■ WORK INSTRUCTION
Could you copy exactly the lines from the start of the records through the one containing "Fue allí cuando", both included, and leave out the pictures?

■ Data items
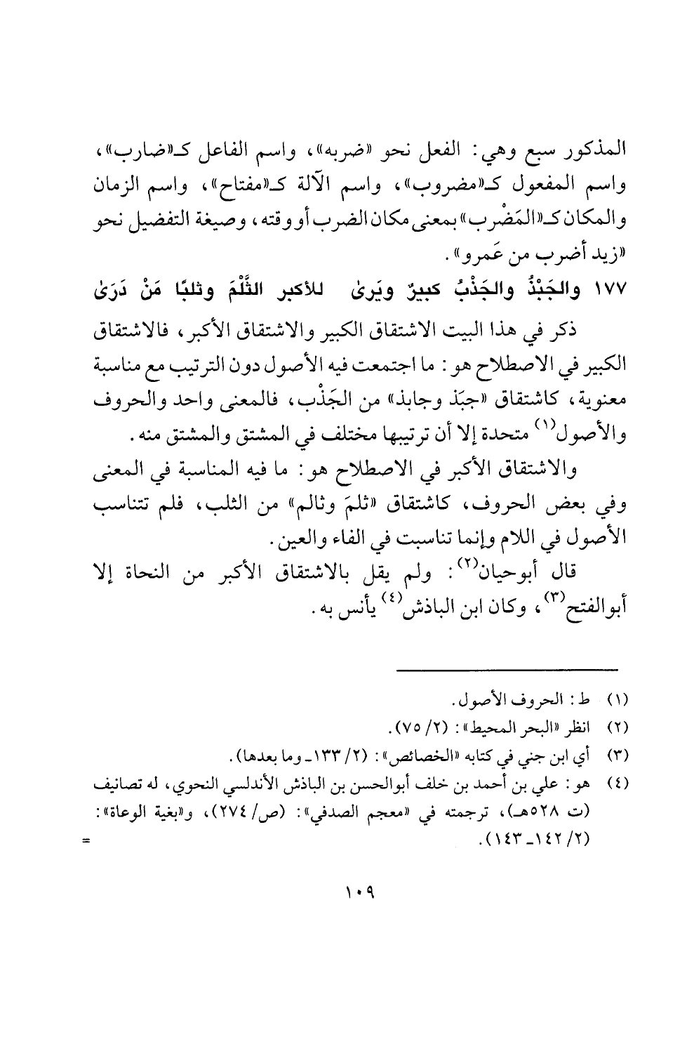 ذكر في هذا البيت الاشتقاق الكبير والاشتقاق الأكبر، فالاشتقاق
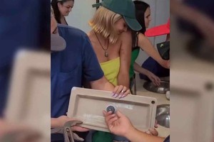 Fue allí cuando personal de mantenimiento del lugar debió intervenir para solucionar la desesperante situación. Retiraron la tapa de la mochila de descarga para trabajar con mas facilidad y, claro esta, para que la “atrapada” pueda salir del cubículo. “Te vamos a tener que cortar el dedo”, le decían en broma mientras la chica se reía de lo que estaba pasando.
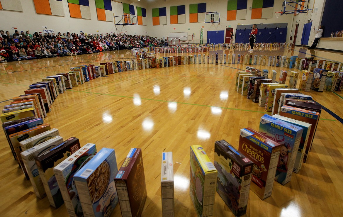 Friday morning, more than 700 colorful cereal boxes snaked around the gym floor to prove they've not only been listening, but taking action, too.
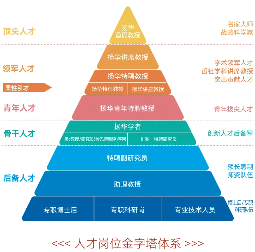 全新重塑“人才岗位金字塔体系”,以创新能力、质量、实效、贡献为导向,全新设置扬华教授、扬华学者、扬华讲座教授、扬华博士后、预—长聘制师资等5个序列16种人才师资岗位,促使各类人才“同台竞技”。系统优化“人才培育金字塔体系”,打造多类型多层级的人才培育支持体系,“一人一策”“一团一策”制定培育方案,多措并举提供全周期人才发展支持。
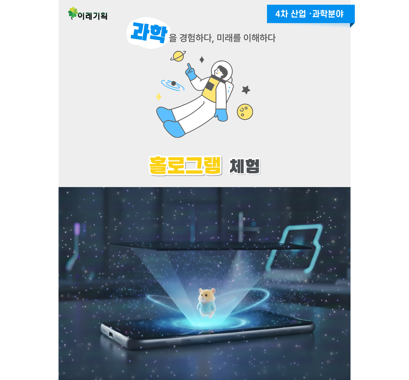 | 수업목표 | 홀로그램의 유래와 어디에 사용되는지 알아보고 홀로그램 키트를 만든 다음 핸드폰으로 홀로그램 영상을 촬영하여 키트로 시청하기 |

■ EXERCISE SOLUTION
 ذكر في هذا البيت الاشتقاق الكبير والاشتقاق الأكبر، فالاشتقاق
 Fue allí cuando personal de mantenimiento del lugar debió intervenir para solucionar la desesperante situación. Retiraron la tapa de la mochila de descarga para trabajar con mas facilidad y, claro esta, para que la “atrapada” pueda salir del cubículo. “Te vamos a tener que cortar el dedo”, le decían en broma mientras la chica se reía de lo que estaba pasando.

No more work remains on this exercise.